- _Your objective_: Take the records below and set down exactly the lines from the one with "捷豹XFL转向阻尼调教得十分" to the one with "Sleek and modern", ends included; do not copy the pictures.

- _Recorded data_:
• • • •

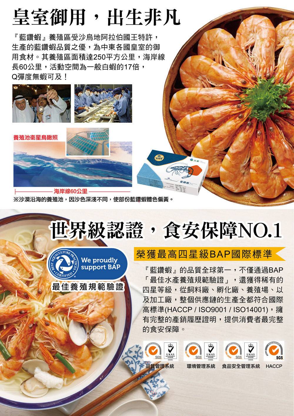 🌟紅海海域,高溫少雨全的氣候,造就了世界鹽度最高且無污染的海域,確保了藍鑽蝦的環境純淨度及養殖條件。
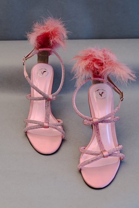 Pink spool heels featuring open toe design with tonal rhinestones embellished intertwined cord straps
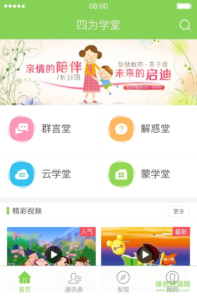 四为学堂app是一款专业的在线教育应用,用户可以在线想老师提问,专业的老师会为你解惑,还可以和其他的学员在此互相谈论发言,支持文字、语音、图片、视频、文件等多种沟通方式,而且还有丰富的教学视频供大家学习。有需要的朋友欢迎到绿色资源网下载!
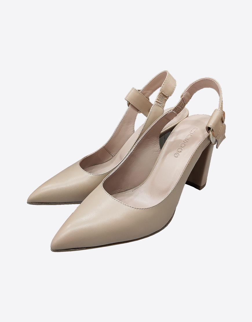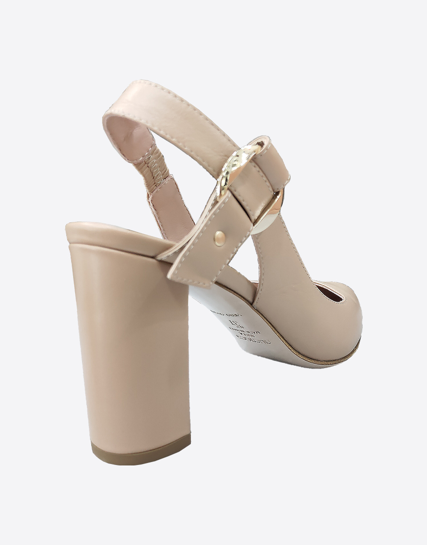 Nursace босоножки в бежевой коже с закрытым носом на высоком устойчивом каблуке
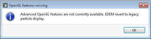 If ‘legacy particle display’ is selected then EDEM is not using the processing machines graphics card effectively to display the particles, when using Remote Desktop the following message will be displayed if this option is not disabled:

• • • •

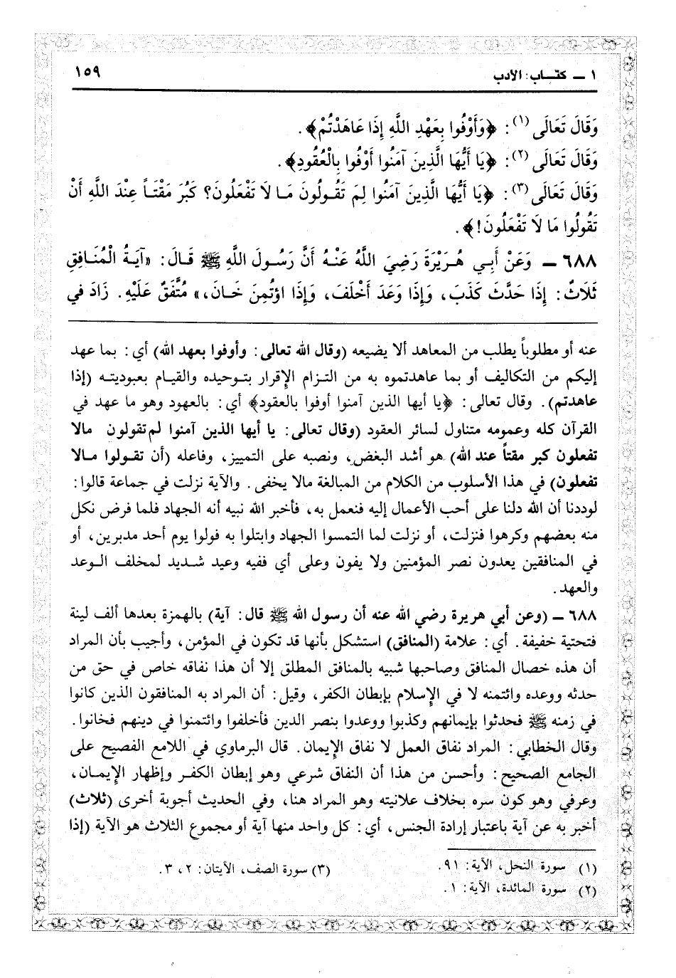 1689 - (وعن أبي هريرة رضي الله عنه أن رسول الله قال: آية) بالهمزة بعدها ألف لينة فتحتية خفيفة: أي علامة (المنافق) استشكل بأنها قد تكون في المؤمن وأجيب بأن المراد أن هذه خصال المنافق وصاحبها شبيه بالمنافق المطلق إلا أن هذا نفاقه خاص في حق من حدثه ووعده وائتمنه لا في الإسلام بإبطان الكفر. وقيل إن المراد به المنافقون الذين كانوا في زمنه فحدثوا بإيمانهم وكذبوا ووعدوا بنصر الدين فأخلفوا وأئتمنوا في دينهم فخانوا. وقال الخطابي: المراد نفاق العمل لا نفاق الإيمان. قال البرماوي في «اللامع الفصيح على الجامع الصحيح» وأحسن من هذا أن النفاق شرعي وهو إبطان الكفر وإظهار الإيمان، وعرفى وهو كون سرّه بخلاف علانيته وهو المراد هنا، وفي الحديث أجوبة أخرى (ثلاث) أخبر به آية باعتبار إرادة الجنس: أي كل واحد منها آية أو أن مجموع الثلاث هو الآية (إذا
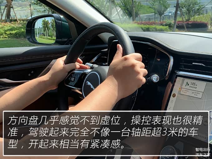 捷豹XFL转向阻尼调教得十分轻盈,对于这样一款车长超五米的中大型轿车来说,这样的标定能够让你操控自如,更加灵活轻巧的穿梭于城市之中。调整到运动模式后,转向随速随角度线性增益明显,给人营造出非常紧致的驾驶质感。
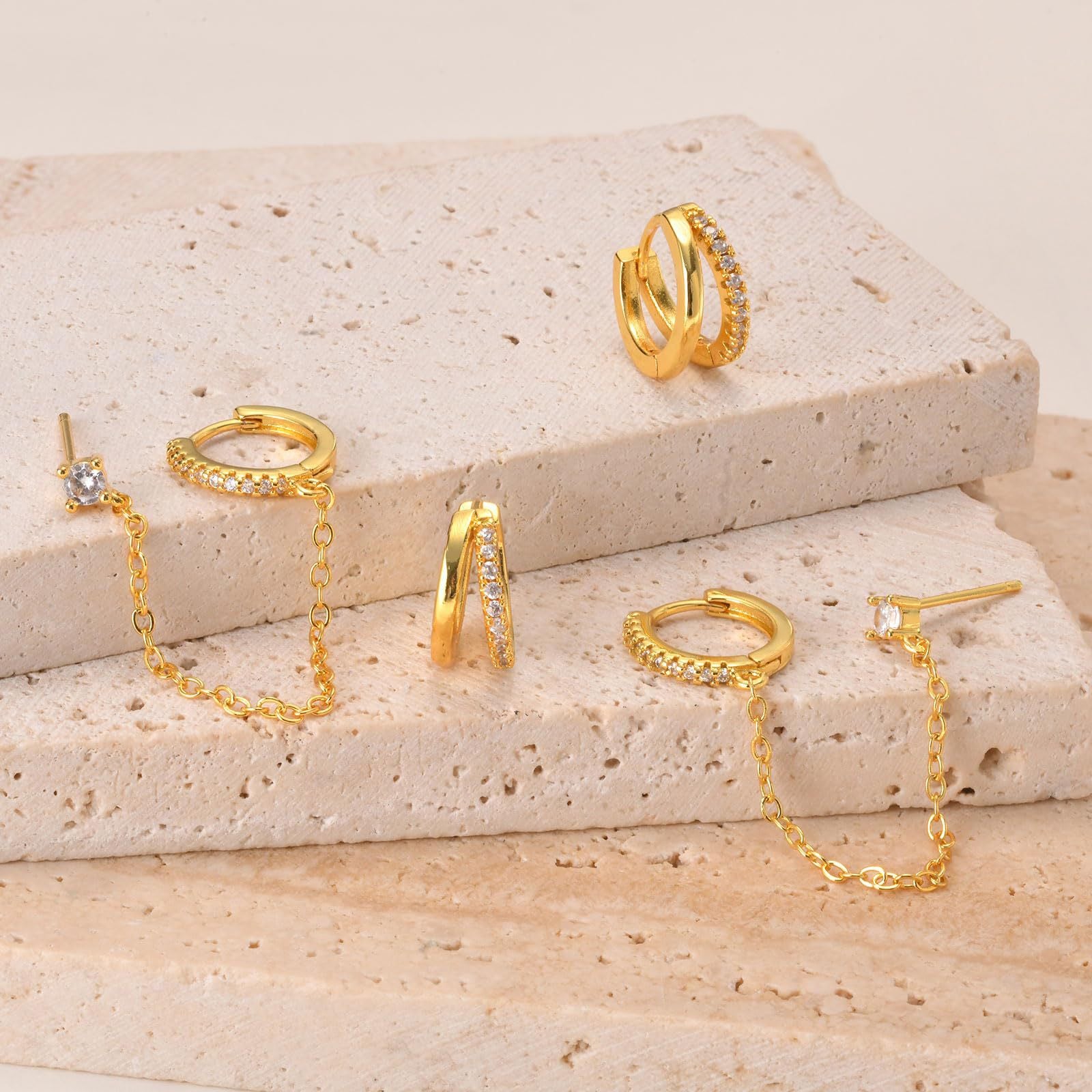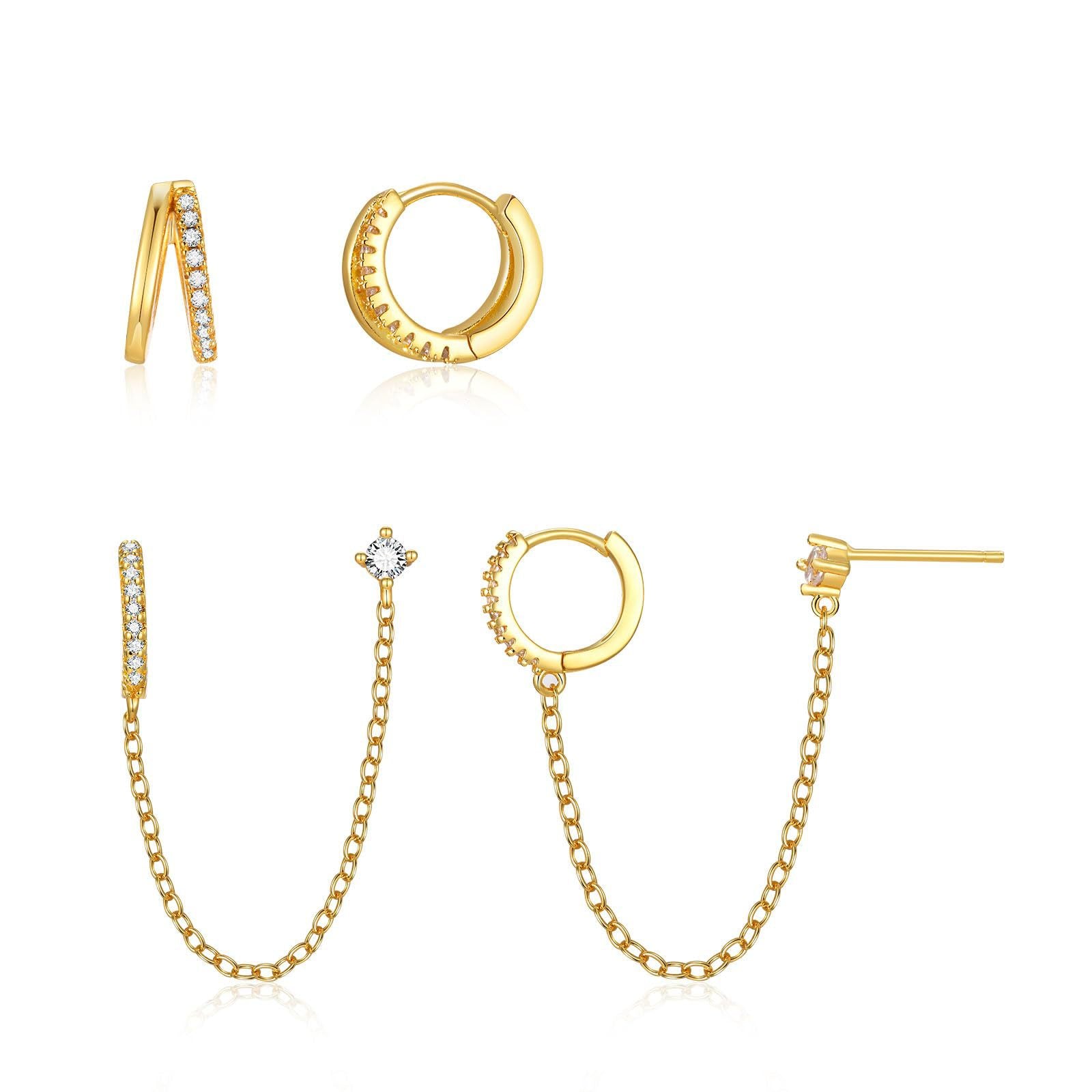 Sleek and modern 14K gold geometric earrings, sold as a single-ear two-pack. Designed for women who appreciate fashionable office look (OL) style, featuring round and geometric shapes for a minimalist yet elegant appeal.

• • • •

- _Result of this exercise_:
 捷豹XFL转向阻尼调教得十分轻盈,对于这样一款车长超五米的中大型轿车来说,这样的标定能够让你操控自如,更加灵活轻巧的穿梭于城市之中。调整到运动模式后,转向随速随角度线性增益明显,给人营造出非常紧致的驾驶质感。
 Sleek and modern 14K gold geometric earrings, sold as a single-ear two-pack. Designed for women who appreciate fashionable office look (OL) style, featuring round and geometric shapes for a minimalist yet elegant appeal.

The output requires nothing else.